In the screenplay book I’m reading, Writing the Character-Centered Screenplay by Andrew Horton, the author uses the term “carnivalesque” when explaining how to develop real and memorable characters. Character is never complete, set, finished, but always glimpsed in motion from a certain perspective, he says, and quotes Seymour Chatman, “The horizon of personality always recedes before us.”

In a carnival, people are thrown into a place of the unknown, where anything can happen. Carnival is the time when no rules hold, when one can become whatever he or she wishes. And even if the writer knows a character’s core personality and uses this “core” knowledge to drive the plot of a story, there should remain a mystery, “a realm of the unresolved,” something neither the writer or reader can fully know or understand.

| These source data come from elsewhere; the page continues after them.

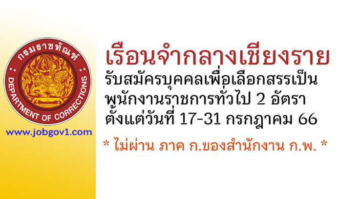 เรือนจำกลางเชียงราย รับสมัครบุคคลเพื่อเลือกสรรเป็นพนักงานราชการทั่วไป 2 อัตรา ตั้งแต่วันที่ 17-31 กรกฎาคม 2566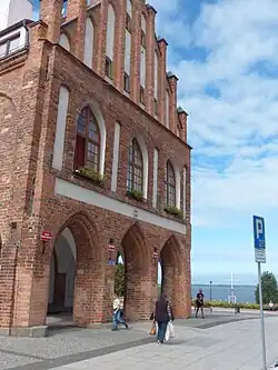 Der Bau von 1426 war ursprünglich auf fast quadratischem Grundriss errichtet. Später wurde der östliche Teil mit Laubengängen angebaut. Die mittelalterliche Gestalt des Baus hat sich trotz vieler Umbauten bis 1945 erhalten. Durch Kriegseinwirkung brannte der Bau 1945 aus und wurde, nach polnischer Übernahme der Stadt, in den 1960er Jahren rekonstruiert.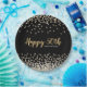 Add your own special touch to this elegant custom anniversary party plate design featuring sparkly gold and silver confetti over a black background, modern script typography with the words "Happy 50th" and the couple's names.
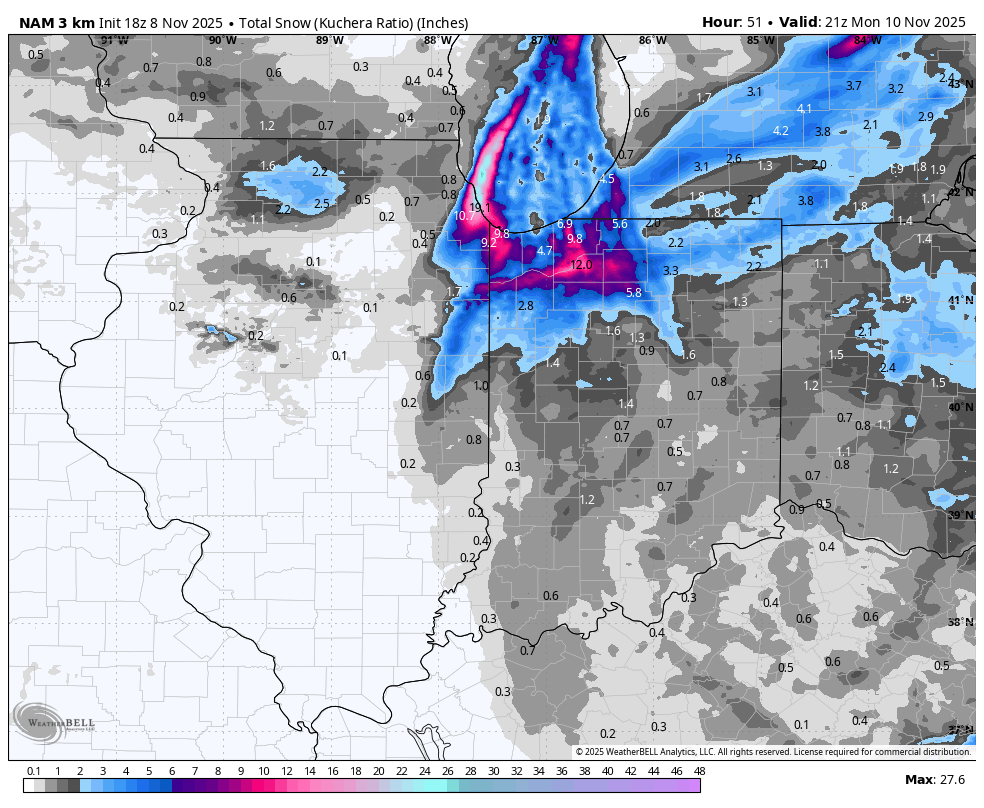 Updated "expected" snow maps upped a lot in Illinois to 7" expected in Chicago now. Probably cuz ^ and 18z hrrr. -
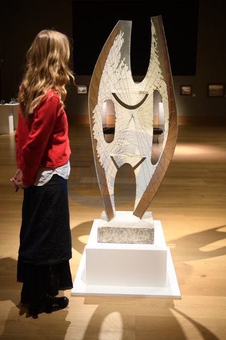 A staff member views 'Winged Figure' by Dame Barbara Hepworth (est. £800k - £1.2m) Conceived in 1957 and fabricated in 1963, this work is number 2 from the edition of 3 which is to go on auction at Bonhams' Modern British and Irish Art Sale on 19th November 2025 at Bonhams in London, England, UK on Monday 17 November, 2025., Credit:Justin Ng / Avalon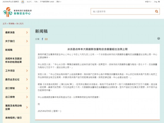 再看近期。本年6月9日,出格行政区食物卫生署食物平安核心发布旧事稿暗示,沙田一零售店肆抽取的冰冻甜点样本经检测,大肠菌群含量为每克170个,总含菌量为每克7。5万个,超出法规上限。此后,问题样本被发觉来自蜜雪冰城沙田好运核心店。按照出格行政区《冰冻甜点规例》,涉事样本的大肠菌群、菌落总数超出限值70%、50%。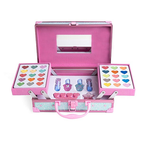Siéntate como una sirena con este maletín holográfico con motivos marinos que incluye todo lo necesario para crear el mejor makup. Con espejo incluido.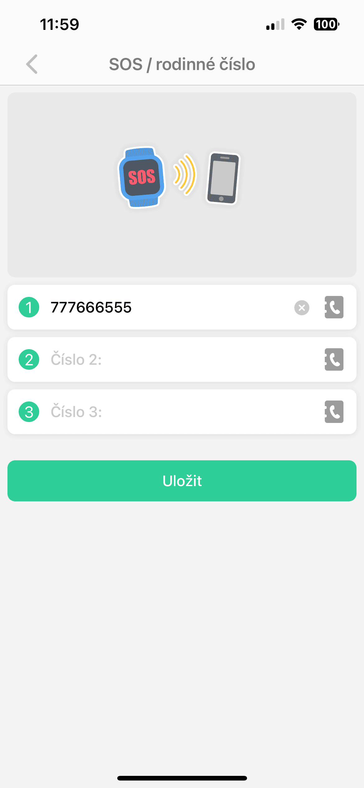 Jeśli Twoje dziecko znajdzie się w sytuacji kryzysowej, może nacisnąć przycisk SOS przez 3 sekundy, a automatycznie zostanie wybrane numer telefonu. W aplikacji mobilnej możesz ustawić trzy numery telefonów. Jeśli dziecko nie dodzwoni się do pierwszego z nich, automatycznie zostanie wybrany kolejny kontakt w kolejności.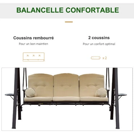 – Grand coussin d’assise et de dossier confortable grâce à son rembourrage souple de 8 cm d’épaisseur (2 oreillers fournis) avec cordons d’attache à l’armature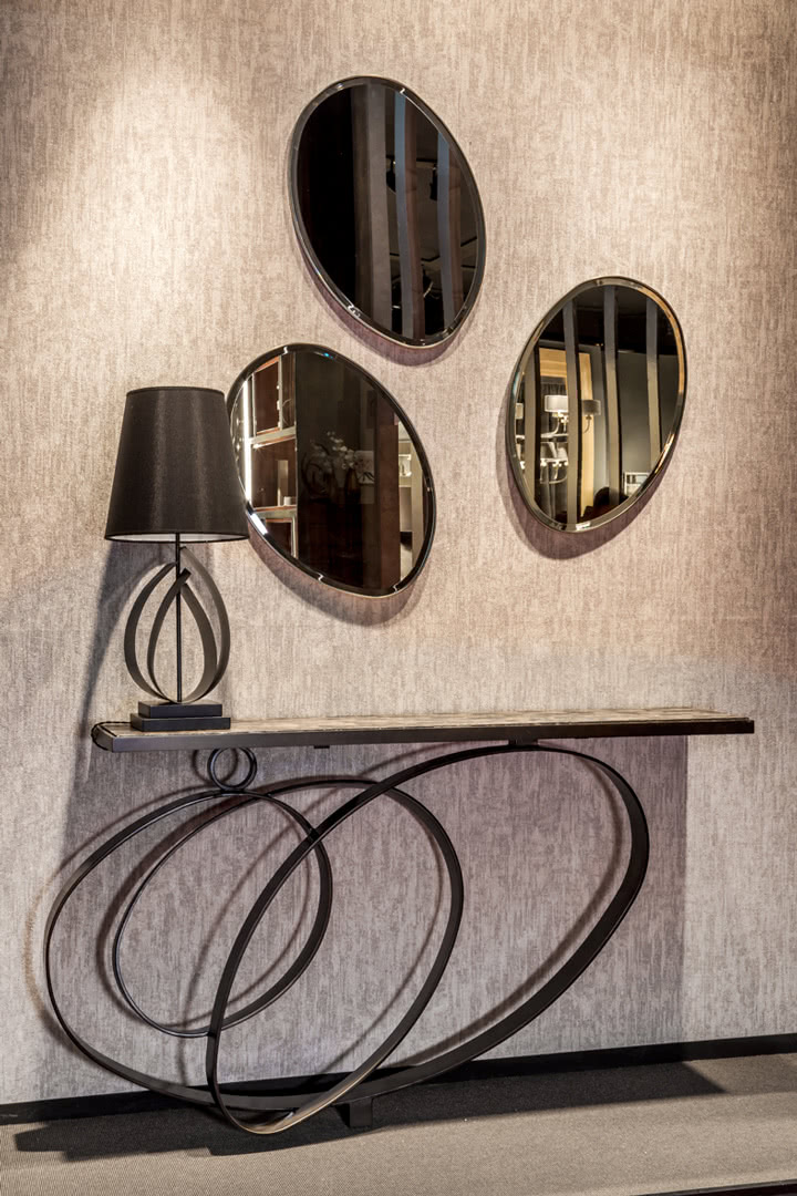 Un paralume in tessuto su una lampada, fatta da un foglio di acciaio curvato, in apparenza fluido ma solido e stabile al tatto. L’uso della finitura bronzo fa nascere luminosi e delicati riflessi che si accentuano con la luce accesa. Un design moderno che rende questa lampada/scultura adatta ad ogni ambiente e ad un gusto internazionale, classico o moderno.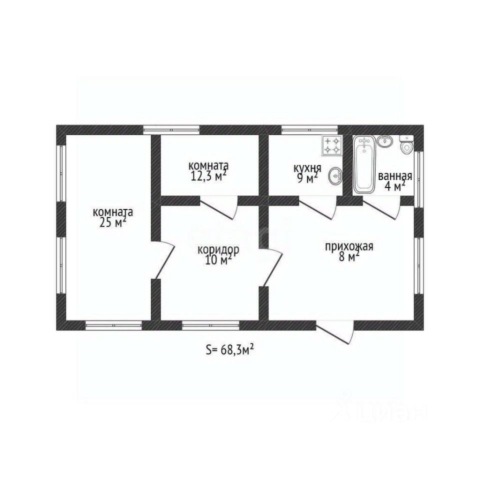 Общая площадь68,3 м2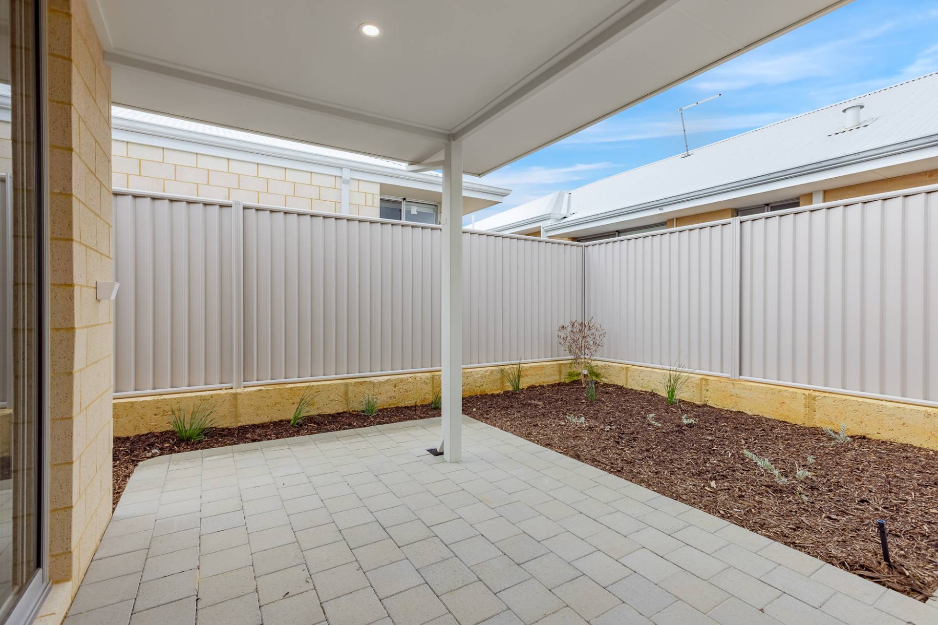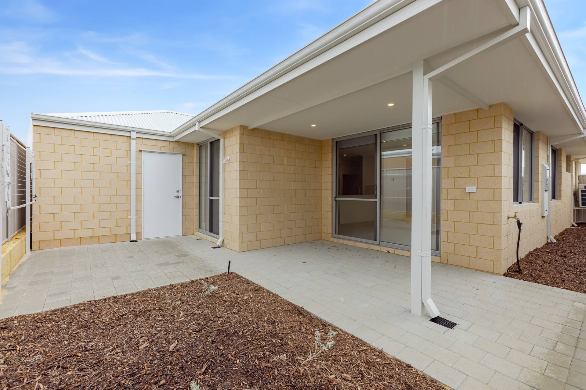 Paved alfresco area under the main roof for all-weather outdoor living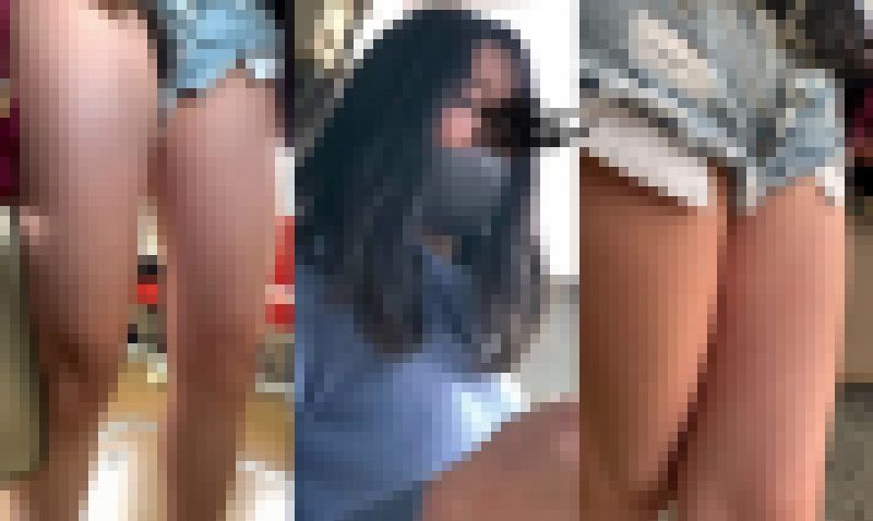 某鉄道構内で、エグすぎるハイレグショーパンを見せつける若ピチお姉さんを発見。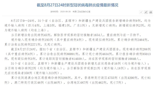 情況顯示,截至8月27日24時(shí),據(jù)31個(gè)省(自治區(qū)、直轄市)和新疆生產(chǎn)建設(shè)兵團(tuán)報(bào)告,現(xiàn)有確診病例288例(其中重癥病例4例),累計(jì)治愈出院病例80091例,累計(jì)死亡病例4634例,累計(jì)報(bào)告確診病例85013例,現(xiàn)有疑似病例3例。累計(jì)追蹤到密切接觸者814039人,尚在醫(yī)學(xué)觀(guān)察的密切接觸者10040人。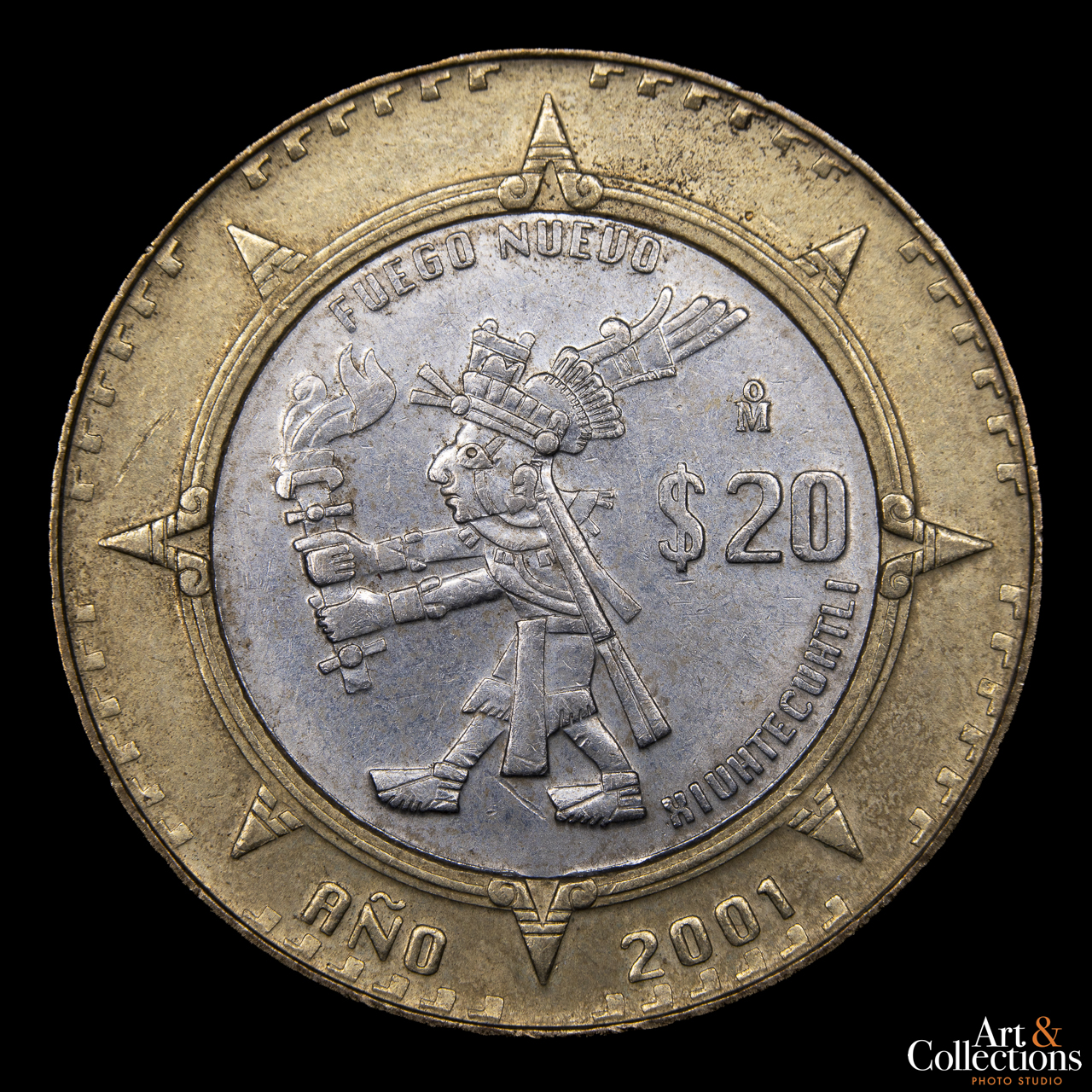 México 20 Pesos 2001 (Xiuhtecuhtli, Ceremonia Azteca del Fuego Nuevo)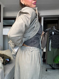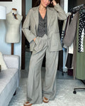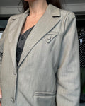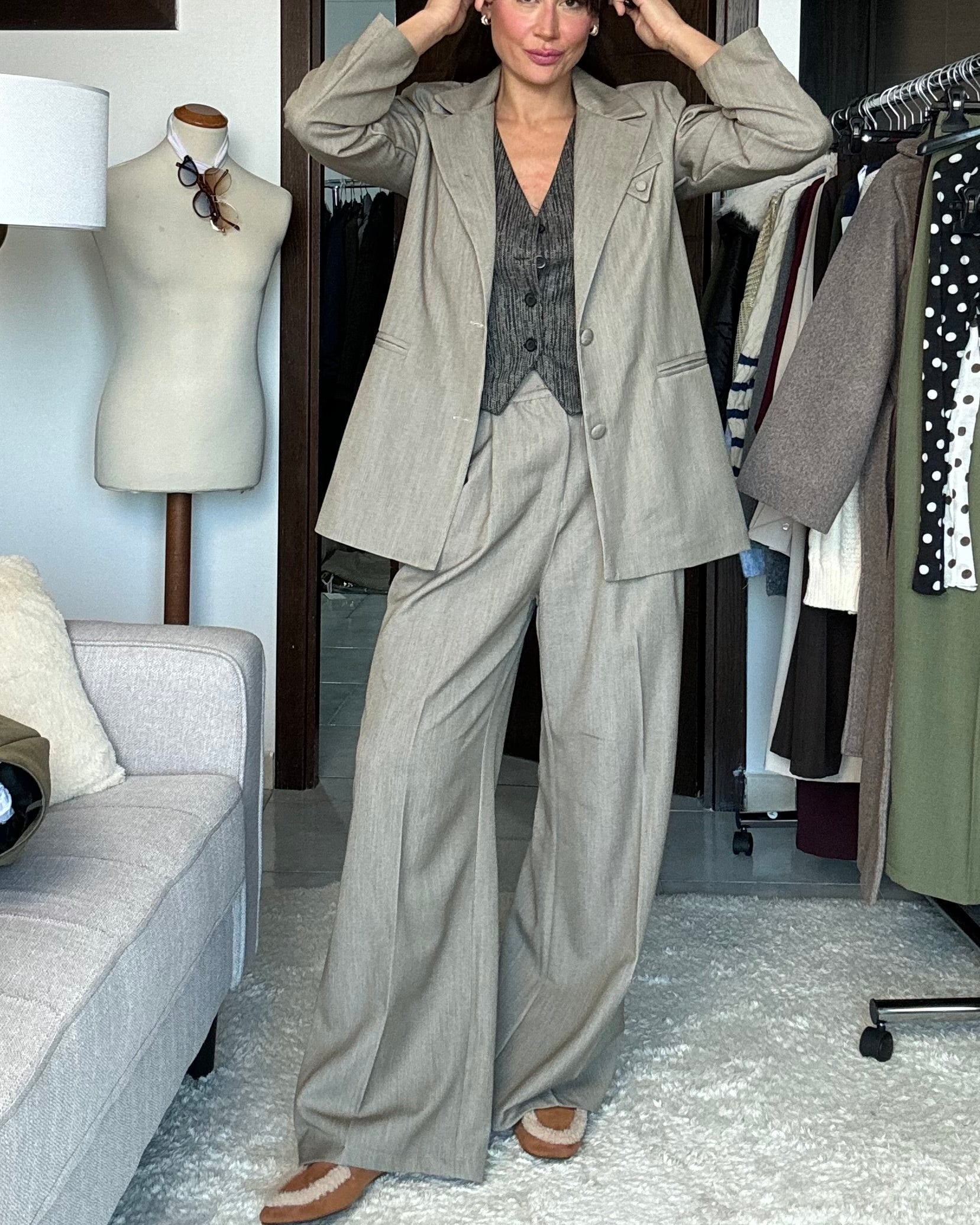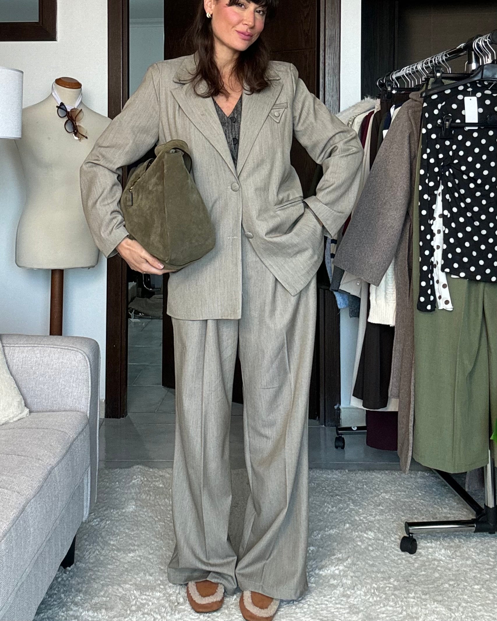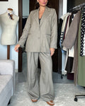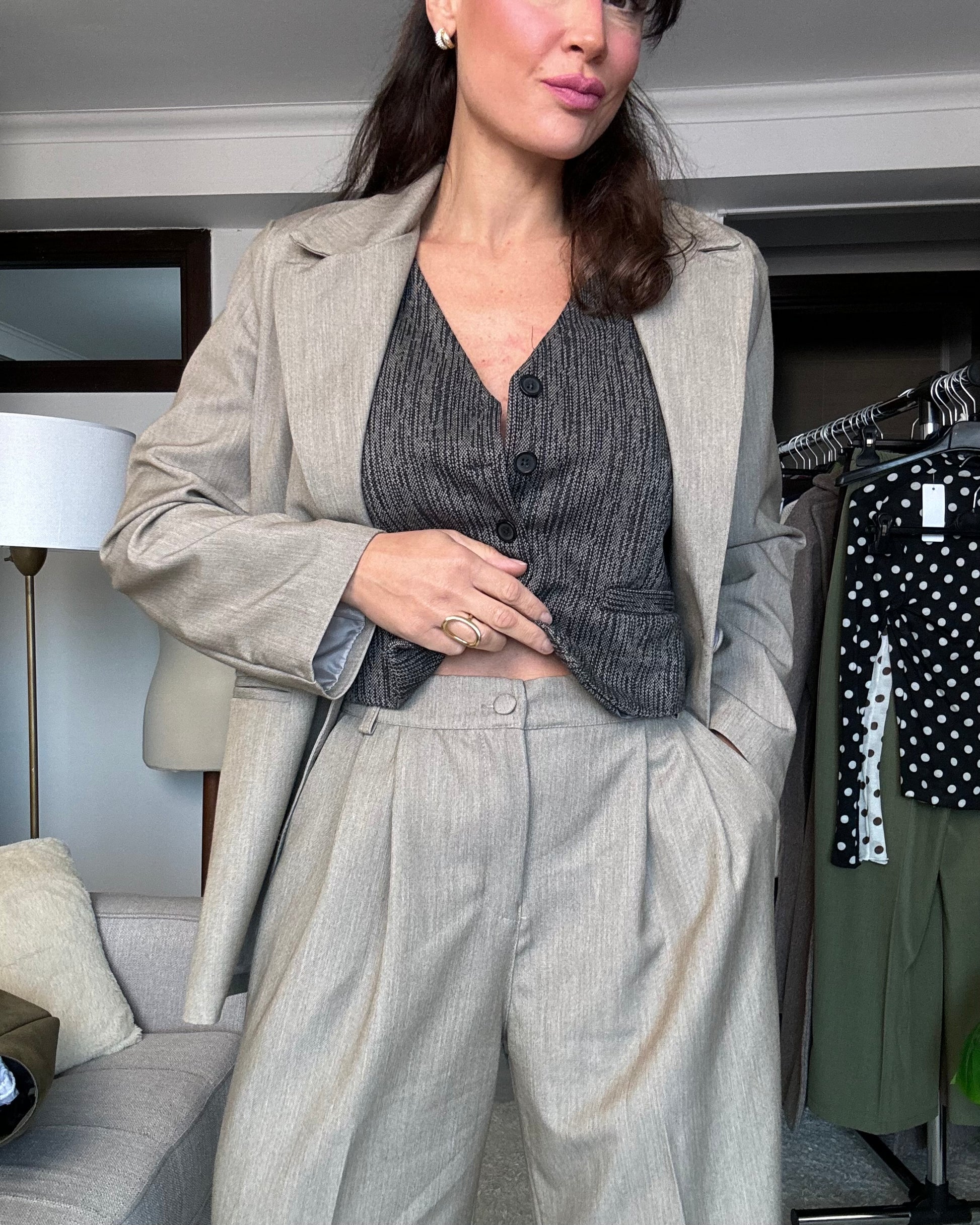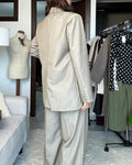 Tailleur dal taglio maschile , giacca dritta due bottoni con spalline e finto taschino .

“The beauty of life is in its uncertainty,” the poet Yoshida Kenko says. And in a good book or film, sometimes we understand something without being able to explain it; we feel it and don’t know why. When I read these ideas, I thought of one scene in Little Miss Sunshine.The teenage boy who had all his hopes set on being a pilot finds out he’s color blind, runs off from the family, screaming out his rage and frustration, and he won’t return to the family van. The sister eventually comes down the hill where he sits and squats beside him. Nothing is said, nothing explained, but we understand without explanation why he returns to the van.

We all know those moments from books and movies. Creating them? I think to do so, we have to let our story have a life of its own, guided but not quite pinned down. There’s magic in that and I think the audience feels it.